Like the drink manifested here, Nardi’s voice is deep and earthy and singing in Italian brings out her expressiveness. Lyrics and liner notes explaining the songs for the non-Italian speakers are not included with the CD but available on danielanardi.com. So you can read up on each song to understand what it’s all about or you can just let the album wash over you like a seductive Mediterranean wave.

01_suzie_arioliAll the Way
Susie Arioli
Spectra Musique SPECD7832
www.susiearioli.com

Susie Arioli and her partner guitarist Jordan Officer have put out another fine collection of songs true to their easy swinging style. Although All The Way opens sombrely with a soulful, slowed down My Funny Valentine it ramps up a bit from there with an ironic, sax-laden Here’s to the Losers and a nod to Ol’ Blue Eyes with the title track and then the subtle emotional roller-coaster continues with the melancholic Forgetful and There’s a Lull in My Life.

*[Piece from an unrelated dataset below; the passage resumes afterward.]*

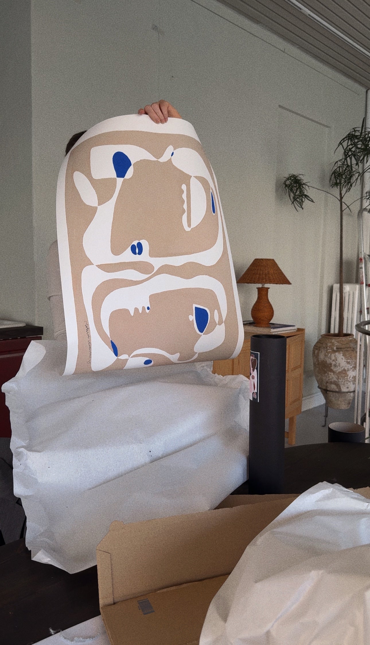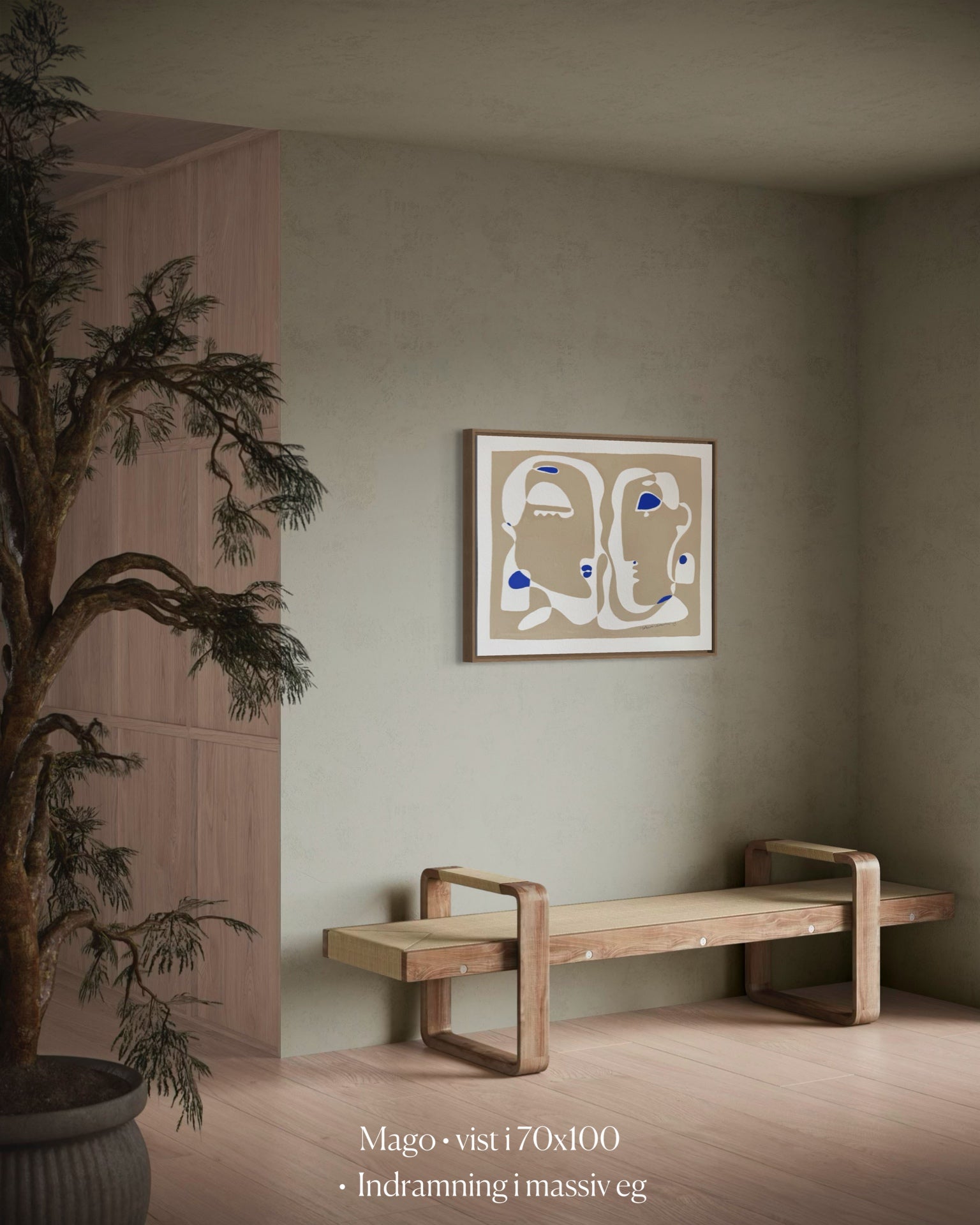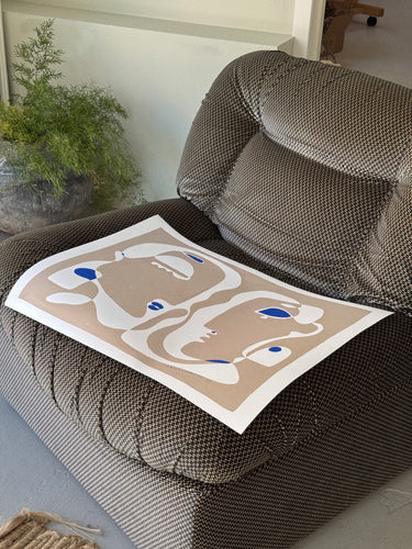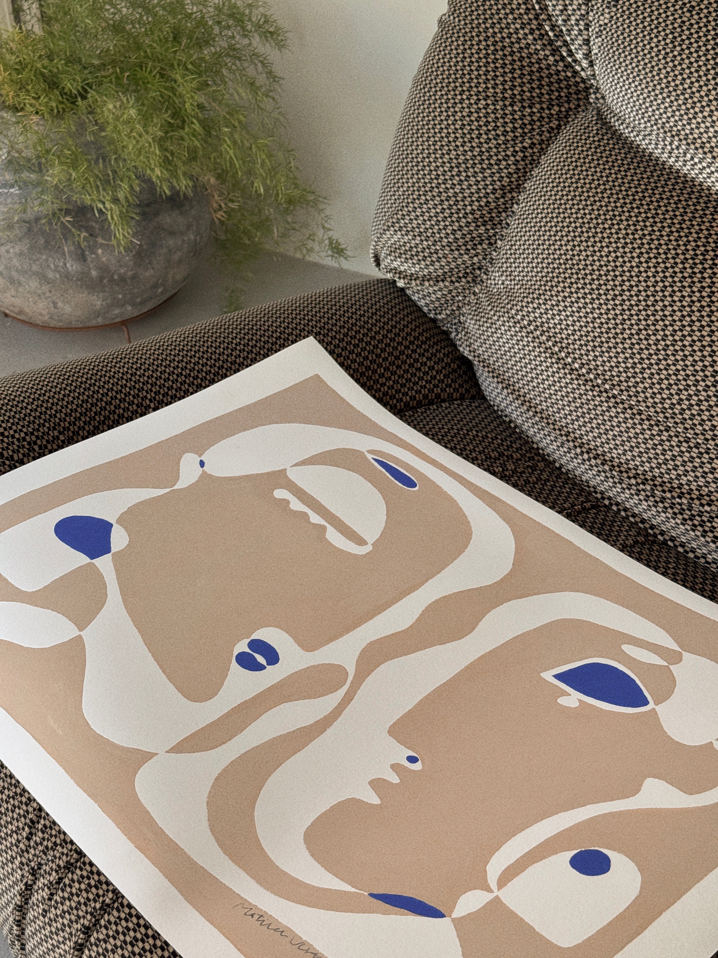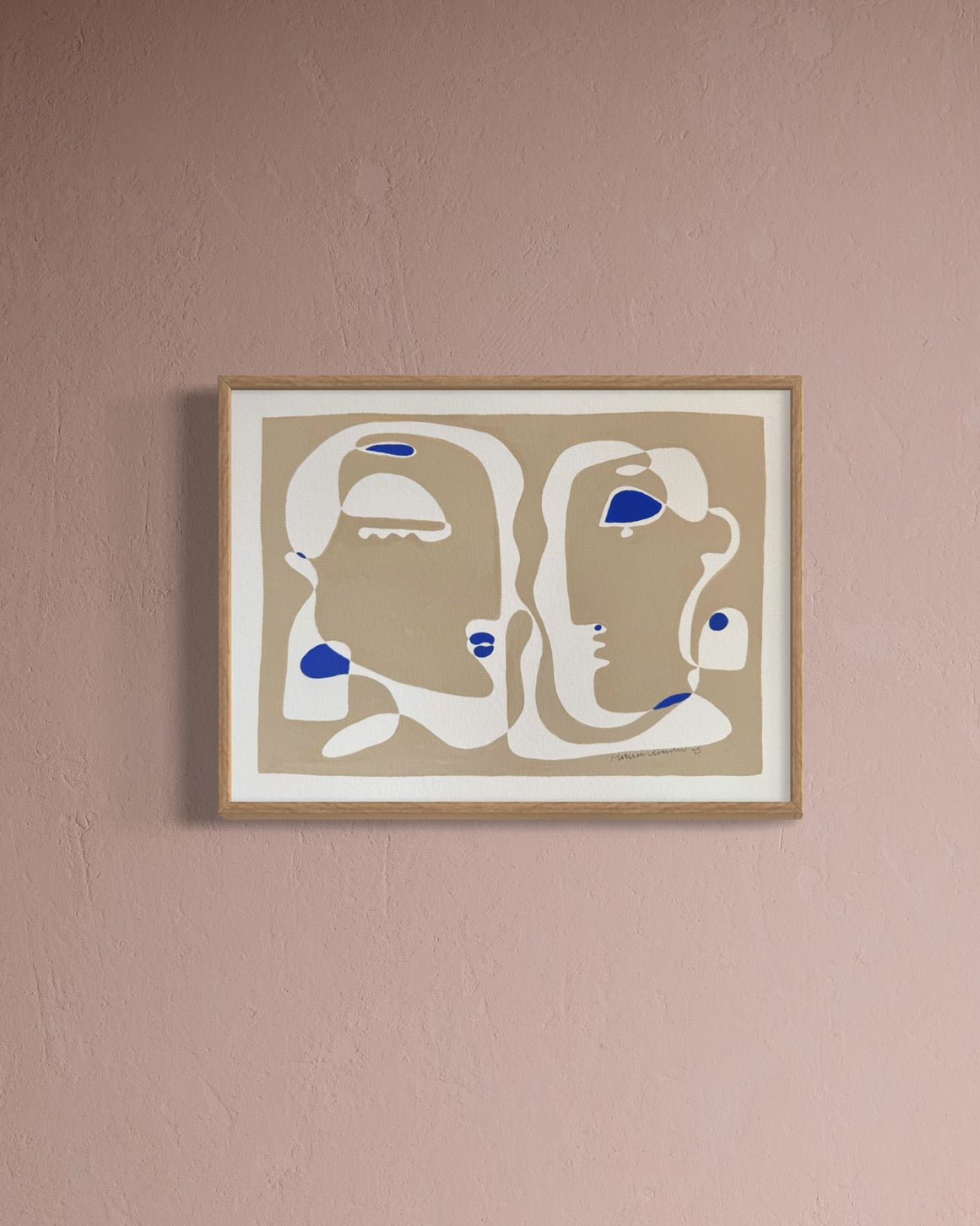 Mago viser to ansigter, der vokser ud af samme form og mødes i et fælles blik. De bløde beige og hvide flader skaber en følelse af harmoni, mens de klare blå detaljer bryder roen og tilfører værket energi. Et billede på relationen mellem to mennesker – forskelligheder, der alligevel bindes sammen i et fælles nærvær.

Arioli has an understated delivery that’s a refreshing change from the showboating singing we hear so much of. Yet she still convincingly conveys the sentiment of the song and leaves the listener able to focus on the lyrics rather than on how awesome her voice is, or whatever. With the majority of the songs from the 50s and 60s the record is imbued with a Mad Men-esque mood that makes All the Way the ideal soundtrack for the end of a day filled with two-martini meetings, a pack-and-a-half of smokes and bitter disappointment.

03_aldcroft_parkerOne Sunday
Ken Aldcroft; William Parker
Trio Records and Productions
TRP-DS01-014
www.kenaldcroft.com

The performances of prolific Toronto improviser/guitarist/composer Ken Aldcroft and New York City’s double bass great William Parker here leave me speechless. The two improvisers weave a sonic journey through rhythm, colour, melody and ideas that just gets better with each listening.

Both performers utilize their strong jazz roots to foray into spirited uncharted territories. Sweet Beverley, one of two 20 something minute offerings, is a doll of a piece. Its laid back nature sets the mood for a musical conversation on diverse topics. The phrasing is clear and subtle, allowing each intricate idea, whether long or short, to grasp one’s attention. There is a sound surprise around every corner. Also outstanding is the shorter track Zum Schneide, where Parker plays a trombonium [an instrument shaped like a baritone horn including its three valves, but with the bore and tube length dimensions of a tenor trombone]. The opening passage cleverly refers to a classical music fanfare, and then abruptly changes course to slides, runs and garage band noise. It is a fine example of where free improvised music is headed. Parker also performs on shakuhachi on this five track release.

For listeners unaccustomed to the more atonal sense of free improvisation, the music here might be a stretch to understand but worth the patience to experience. Aldcroft and Parker are brilliant masters of their art form — one may not be able to whistle along with the “tunes” but it is the collective sounds of their “in the moment” music creations that resonate so impeccably.